Stored data:
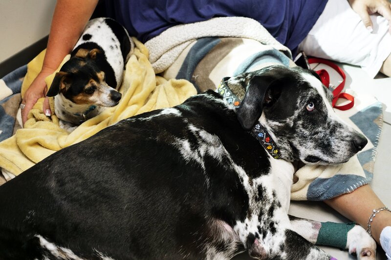 Dexter’s brother Gizmo keeps him company while they wait for Dr. Blue
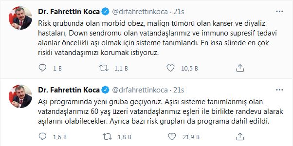 BURSA (İGFA) - Sağlık Bakanı Fahrettin Koca, sosyal medya hesabından yaptığı paylaşımda COVID-19 aşı programında yeni gruba geçildiğini duyurdu. Koca, "Aşısı sisteme tanımlanmış olan vatandaşlarımız 60 yaş üzeri vatandaşlarımız eşleri ile birlikte randevu alarak aşılarını olabilecekler. Ayrıca bazı risk grupları da programa dahil edildi" bilgisini paylaştı.
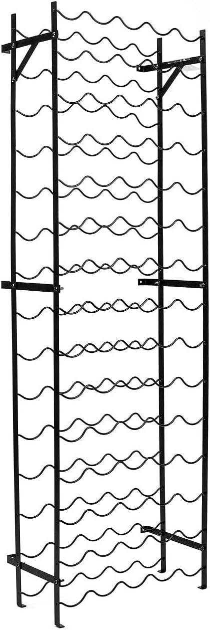 - STURDY DESIGN — Made of durable metal construction with smooth black finish — Features 15 rows of scallop/wave shaped shelves — Solid structure prevents wobbling, tilting, or falling — Holds most standard wine bottles — Wine Bottles NOT INCLUDED — Measures approximately 19” L x 9.50” W x 59.50” H (Approx 3.75” between each tier)
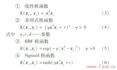 在SVM中最常用的幾種核函數見式(3)~(6),其中線性核函數可以看作是多項式核函數的一種特殊情況。
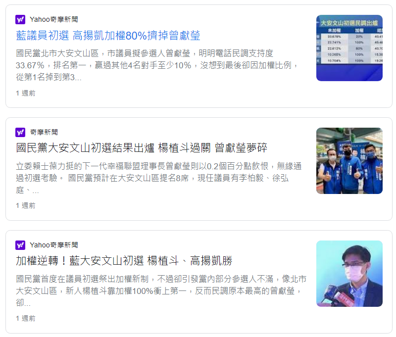 國民黨北市大安文山區,市議員擬參選人曾獻瑩,明明電話民調支持度33.67%,排名第一,遠勝其他4名對手至少10%,沒想到最後卻因特殊的加權比例,從第1名掉到第3名,而原本第3名的高揚凱,反而以0.29%的差距險勝。大安文山區初選雖已確定由楊植斗、高揚凱勝出,但曾獻瑩不甘心,地方支持者也出現了不平聲浪。
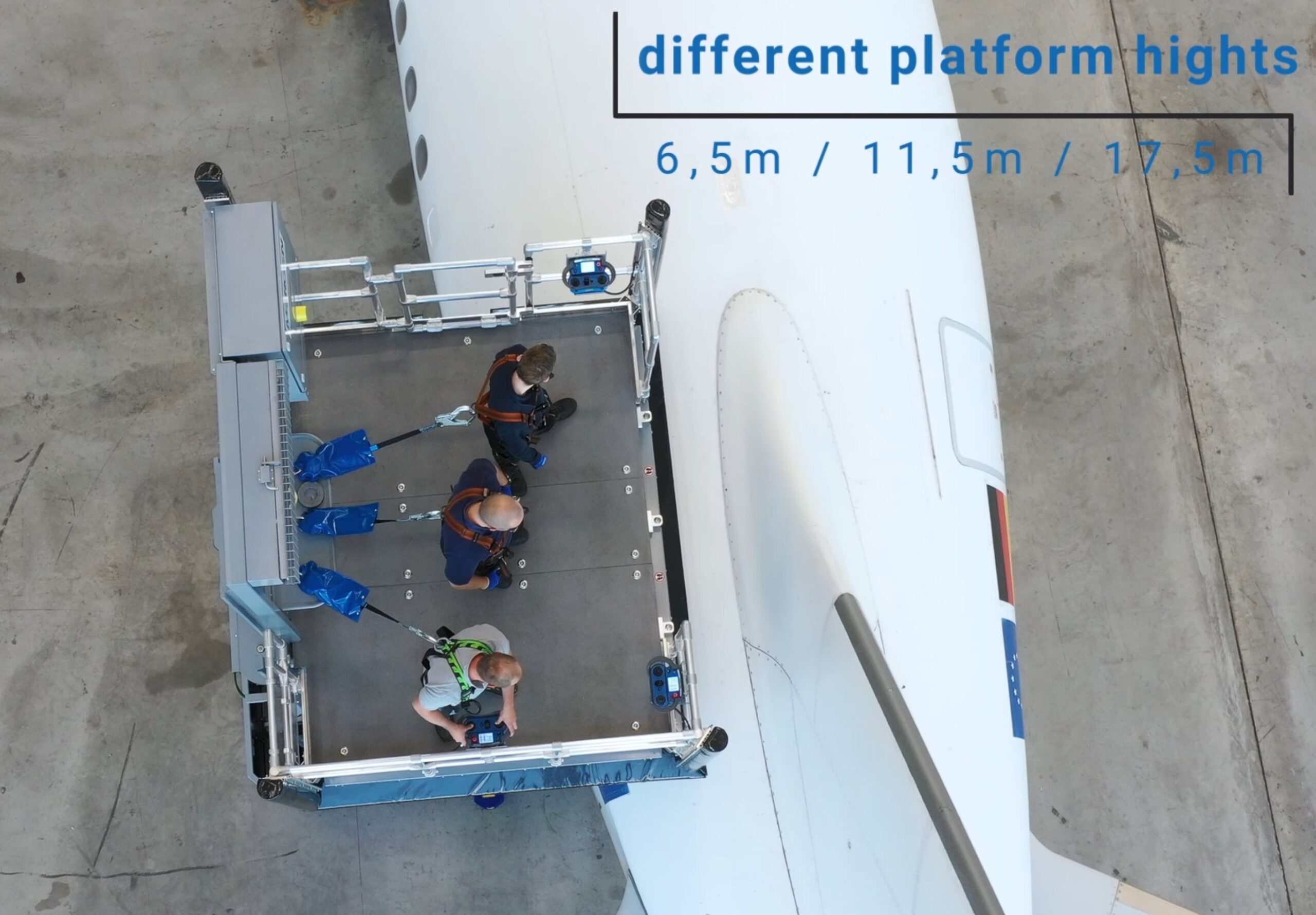 Speziell auf die Bedürfnisse der Luftfahrtechnik abgestimmt vereinen unsere innovativen Arbeitsbühnen bestmögliche Flexibilität und Komfort bei höchsten Sicherheitsstandards und Anfahrschutz. Ob für MRO oder Lackierarbeiten, unsere Anlagen bieten Ihnen hierzu eine breite Basis und Optionen.

= Task requirements =
Take the line containing "國民黨北市大安文山區,市議員" and every line after it to the end of the records, and restate them verbatim, with no pictures.

= Worked solution =
 國民黨北市大安文山區,市議員擬參選人曾獻瑩,明明電話民調支持度33.67%,排名第一,遠勝其他4名對手至少10%,沒想到最後卻因特殊的加權比例,從第1名掉到第3名,而原本第3名的高揚凱,反而以0.29%的差距險勝。大安文山區初選雖已確定由楊植斗、高揚凱勝出,但曾獻瑩不甘心,地方支持者也出現了不平聲浪。
 Speziell auf die Bedürfnisse der Luftfahrtechnik abgestimmt vereinen unsere innovativen Arbeitsbühnen bestmögliche Flexibilität und Komfort bei höchsten Sicherheitsstandards und Anfahrschutz. Ob für MRO oder Lackierarbeiten, unsere Anlagen bieten Ihnen hierzu eine breite Basis und Optionen.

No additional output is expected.